The technological change which tends to do away with the machine as an individual instrument of production, as 'absolute unit,' seems to cancel the Marxian notion of the 'organic composition of capital,' and with it the theory of the creation of surplus value. According to Marx, the machine never creates surplus value but merely transfers its own value to the product, while surplus value remains the result of the exploitation of living labour. The machine is embodiment of human labour power, and through it, past labour (dead labour) preserves itself and determines living labour. Now automation seems to alter qualitatively the relation between dead and living labour; it tends toward the point where productivity is determined 'by the machines, and not by the individual output.' [...] Moreover, the very measurement of individual output becomes impossible: 'Automation in its largest sense means, in effect, the end of measurement of work . . . . With automation, you can't measure output of a single man; you now have to measure simply equipment utilization. If that is generalized as a kind of concept . . . there is no longer, for example, any reason at all to 'pay a man by the piece or pay him by the hour,' that is to say, there is no more reason to keep up the 'dual pay system' of salaries and wages [...] industrialization did not arise with the introduction of factories, it arose out of the measurement of work. It's when work can be measured, when you can hitch a man to the job, when you can put a harness on him, and measure his output in terms of a single piece and pay him by the piece or by the hour, that you have got modern industrialization" [Daniel Bell].

(3) These changes in the character of work and the instruments of production change the attitude and the consciousness of the laborer, which become manifest in the widely discussed 'social and cultural integration' of the labouring class with capitalist society.

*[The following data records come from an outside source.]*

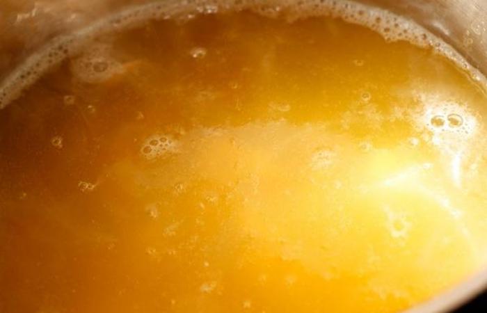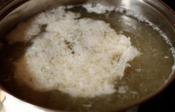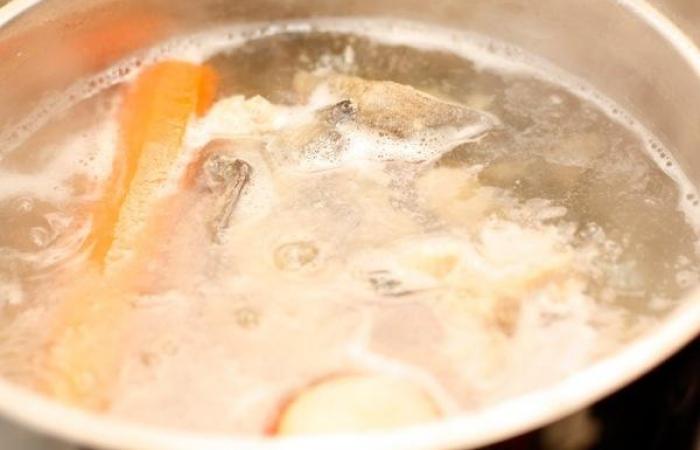 3По истечению времени удаляем части рыбы и овощи. Добавляем взбитый белок и доводим до кипения. Процеживаем
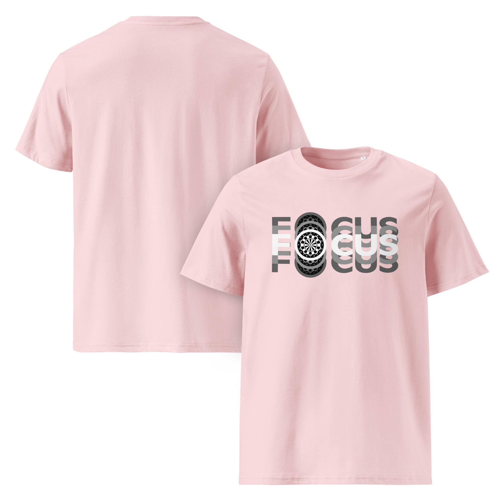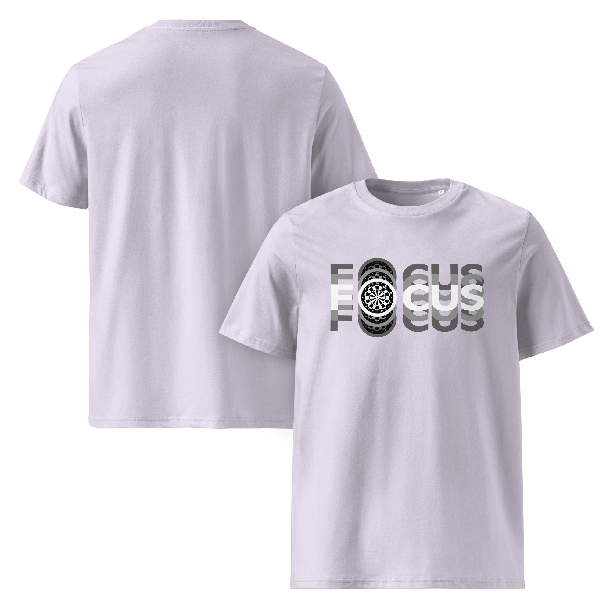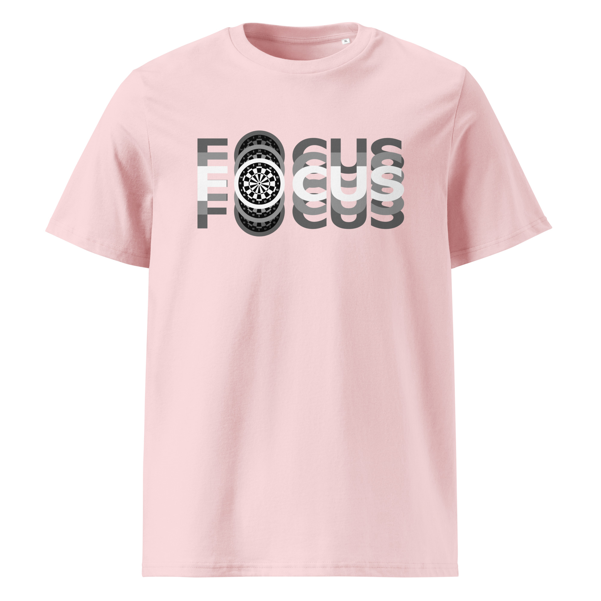 Dart T-Shirt für Spielerinnen, die mit Klarheit und Präzision werfen.Das moderne „FOCUS“-Design mit wiederholter Schrift und zentralem Dartboard symbolisiert mentale Stärke, Ruhe und absolute Zielorientierung.
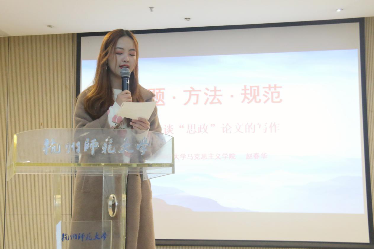 赵春华教授介绍了第二十二届学生思想政治理论课优秀论文竞赛,并强调了选题的重要性。他指出,选题应在参照竞赛通知论文指南的基础上,重视思想性、针对性、时效性、科学性与创新性。针对往届竞赛的投稿,赵教授主张论文写作要贴近时代发展与当代大学生生活,在合理的研究范围下,追求论文的新颖性与可研究性。同时,他以五种标题形式的例子突出论文标题要贴切文章,概括内容,反映性质。其后,赵教授介绍了规范研究方法和经验研究方法这两种社会科学研究方法,并鼓励同学从数据库的论文资料、历届比赛的优秀论文、优秀教师的指导中学习思政论文的写作方法。在思政论文的格式规范方面,赵教授从三个角度讲述了论文写作的注意要点,并强调了学术规范的重要性。

[...] (4) The new technological work-world hus enforces a weakening of the negative position of the working class: the latter no longer appears to be the living contradiction to the established society. This trend is strengthened by the effect of the technological organization of production on the other side of the fence: an management and direction. Domination is transfigured into administration [...] The capitalist bosses and owners are losing their identity as responsible agents; they are assuming the function of bureaucrats in a corporate machine. Within the vast hierarchy of executive and managerial boards extending far beyond the individual establishment into the scientific laboratory and research institute, the national goverment and national purpose, the tangible source of exploitation disappears behind the facade of objective rationality. Hatred and frustration are deprived of their specific target, and the technological veil conceals the reproduction of inequality and enslavement [...] With technical progress as its instrument, unfreedom -- in the sense of man's subjetion to his productive apparaus -- is perpetuated and intensified in the form of many liberties and comforts. The novel feature is the overwhelming rationality in this irrational enterprise, and the depth of the preconditioning which shapes the instinctual drives and aspirations of the individuals and obscures the difference between false and true consciousness [...]"

Adorno:

"It is long established that wage labour created the hordes of the modern epoch, indeed formed the worker himself. As a general principle the individual is not merely the biological basis, but the reflection of the social process; his consciousness of himself as something in-itself is the illusion needed to raise his level of performance, whereas in fact the individuated function in the modern economy as mere instruments of the law of value.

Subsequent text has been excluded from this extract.